Additionally, to enable CDA, accurate perception information can lay a solid foundation, which requires inputs from different types of high-fidelity sensors, such as radar, camera, and LiDAR. Direct implementation of these sensors to perceive the real-world environment may be costly or time-consuming, and in some cases, restricted by application scenarios. Thus, simulation platforms with high-fidelity sensor modeling and perception capability would provide a cost-effective alternative solution to CDA-related research.

Many existing traffic simulators have been developed to test various aspects of CDA. For instance, CARLA [5] and SVL [6] are designed for modeling autonomous vehicles (AVs), while SUMO [7] targets microscopic traffic flows. From the perspective of sensing fidelity, most existing studies directly use intrinsic attributes of target objects, without considering the potential imperfection of perception for CDA models. This considerably limits the transferability and reliability of the real-world deployment of these CDA models.

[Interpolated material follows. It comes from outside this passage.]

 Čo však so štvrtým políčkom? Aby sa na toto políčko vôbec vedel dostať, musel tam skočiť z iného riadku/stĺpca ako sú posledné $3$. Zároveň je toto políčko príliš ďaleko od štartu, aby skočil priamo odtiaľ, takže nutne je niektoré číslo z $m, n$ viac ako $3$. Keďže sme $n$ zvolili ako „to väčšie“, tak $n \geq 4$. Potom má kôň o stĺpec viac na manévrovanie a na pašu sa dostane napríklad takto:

To the best of our knowledge, this paper is the first attempt to integrate the entire deep learning-based perception pipeline into the simulator to create a cyber mobility mirror (CMM) system, in which simulated traffic objects are authentically perceived and reconstructed with 3D representation. The high-level CDA model can leverage such perceived information from the module output in a CMM system rather than intrinsic attributes of target objects, to improve model fidelity and validate the system with more confidence.

The systematic structure of CMM based on a co-simulation platform is shown in Figure 1, where one simulator is designed to model the real-world traffic environment and the authentic perception pipeline, while the other simulator is used to work as a mobility mirror, i.e., reconstructing the perceived objects and presenting them. The output interface provides readily retrieved post-perception data for CDA applications.

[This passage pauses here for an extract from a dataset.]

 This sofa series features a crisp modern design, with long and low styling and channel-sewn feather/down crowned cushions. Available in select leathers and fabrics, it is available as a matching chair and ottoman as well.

The main contributions of the paper can be summarized as follows: 1) This paper proposes a cyber mobility mirror (CMM) architecture for enabling CDA research and development; 2) A prototype CMM system is designed and developed using a CARLA-based co-simulation platform; 3) A CARLA-based 3D object detection training dataset is presented; and 4) Based on the CMM co-simulation platform, a case study is conducted for roadside-LiDAR based vehicle detection to demonstrate the functionality and necessity of the proposed co-simulation platform for enabling CDA algorithm development and validation.

The rest of this paper is organized as follows. A brief background about traffic simulation and object perception is given in Section II. In Section III, we first introduce the concept of CMM and then describe the design and development of the prototype system based on co-simulation. In Section IV, we present a case study for detecting and reconstructing vehicles based on roadside LiDAR sensing and deep learning methods, followed by the conclusion and discussion in Section V.

II Background

Simulation plays a crucial role in enabling cooperative driving automation, such as assessment of CAV cooperative perception algorithms and decision-making/control models [8, 9]. High-fidelity simulated sensor information lays a solid foundation for these high-level CDA algorithms and models. In this section, we briefly review the background information for simulators enabling CDA and object detection.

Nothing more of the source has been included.